Cisco Sanchez, senior vice president and CIO at Qualcomm, says CIOs change makers need to get creative about how they communicate strategy and vision, mastering not just written and verbal skills, but leveraging novel video and social media tools to help champion IT initiatives and rally users.

Cisco Sanchez stylized

Cisco Sanchez, SVP and CIO, Qualcomm

Qualcomm

They also need to embed with business stakeholders so much so that the lines blur. “You have to be an amazing collaborator almost to the point where you’re hanging out with business partners and you can’t tell the difference between their role and yours,” he explains.

One of Sanchez’s primary missions when he joined Qualcomm was modernizing siloed systems so that the wireless technology company could gain a better view of its customers, from their profiles to their sales journeys. Right off the bat, Sanchez assembled a team representing marketing, sales, engineering, and IT while establishing a shared mission and agile framework for collaborating as a consolidated group. The effort resulted in an enterprise data platform used to track users wherever they are in the product lifecycle.

“The key to success was ensuring we took a holistic view of the mission, providing everyone with a good, clean view of what we were doing and why we were doing it,” Sanchez says. “It wasn’t a sales tool; it was a Qualcomm tool.”

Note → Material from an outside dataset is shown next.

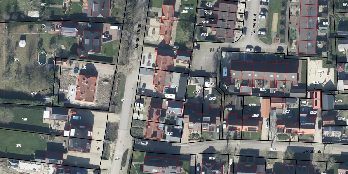 Gebruik de zoekbalk of klik op een perceel om informatie over het perceel te bekijken.
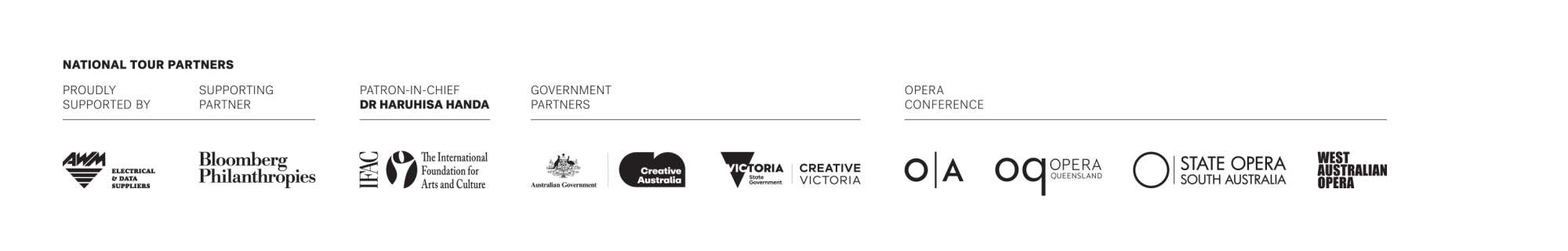 The Opera Conference, Australia’s national partnership of professional opera companies, the Australian Government through Creative Australia, its arts and funding advisory body, by the NSW Government through Create NSW, and by the Victorian Government through Creative Victoria.

Sanchez juxtaposes this experience to another in his career where a major transformation project was almost derailed by the CEO due to lack of transparency. “Now I am super transparent about timelines and where there are issues,” he says. “It makes you vulnerable, but on the flip side, it allows you to be seen as a great business partner and collaborator.”

Change management best practices

Sanchez and his peers gave some additional change management advice:

Rethink organizational structure. Commscope’s Jonnala has designed the company’s IT organization so that team members are embedded directly in the business, ensuring they attend the same meetings, have a common understanding of pain points, and rally toward shared goals. Not only does this foster a shared commitment — it creates empathy that the group is in this together and that IT is here to help.

“If the CIO and team are not talking and acting about making IT one with the business, they will fail,” he says.

Don’t push change for change sake. Understanding the audience’s propensity for change is crucial, according to David Reis, PhD, chief information and digital officer (CIDO) at the University of Miami Health System and the Miller School of Medicine. Earlier in his career, Reis spearheaded a project to automate the approval process for loan officers at a retail banking institution. Yet after months of listening and information gathering, the team determined the stakeholders weren’t ready for full-scale automation, thus they introduced a scaled-down version of the solution, created awareness and traction, then added more functionality as support for the tool grew.

David Reis stylized

David Reis, CIO, University of Miami Health System and Miller School of Medicine

University of Miami Health System and Miller School of Medicine

In contrast, Reis says his current IT organization is running at full speed to keep up with demand for automation and business process change. “You have to bring everyone along on the ‘journey to yes,’ so you have to make sure the success criteria is understood across all stakeholders,” he explains.

Change is not a solo endeavor. While CIOs are now driving organizational change, they must do so as a partnership with the business. CIOs don’t have the authority to make critical personnel or organizational structure decisions — that’s up to business leaders to get their teams trained and ready to embrace change, says Red Bridge Consulting’s Duffy. By working with their business counterparts to set clear responsibilities and goals, CIOs can facilitate change management work, fend off rivalries, and establish trust.

“Sometimes technology people want to take responsibility for the full implementation from start to finish, but CIOs and business leaders need to be very clear about who’s responsible for what so there is not a battle for ownership,” Duffy says. “You have to reach across the table because you can’t be a change agent on your own.”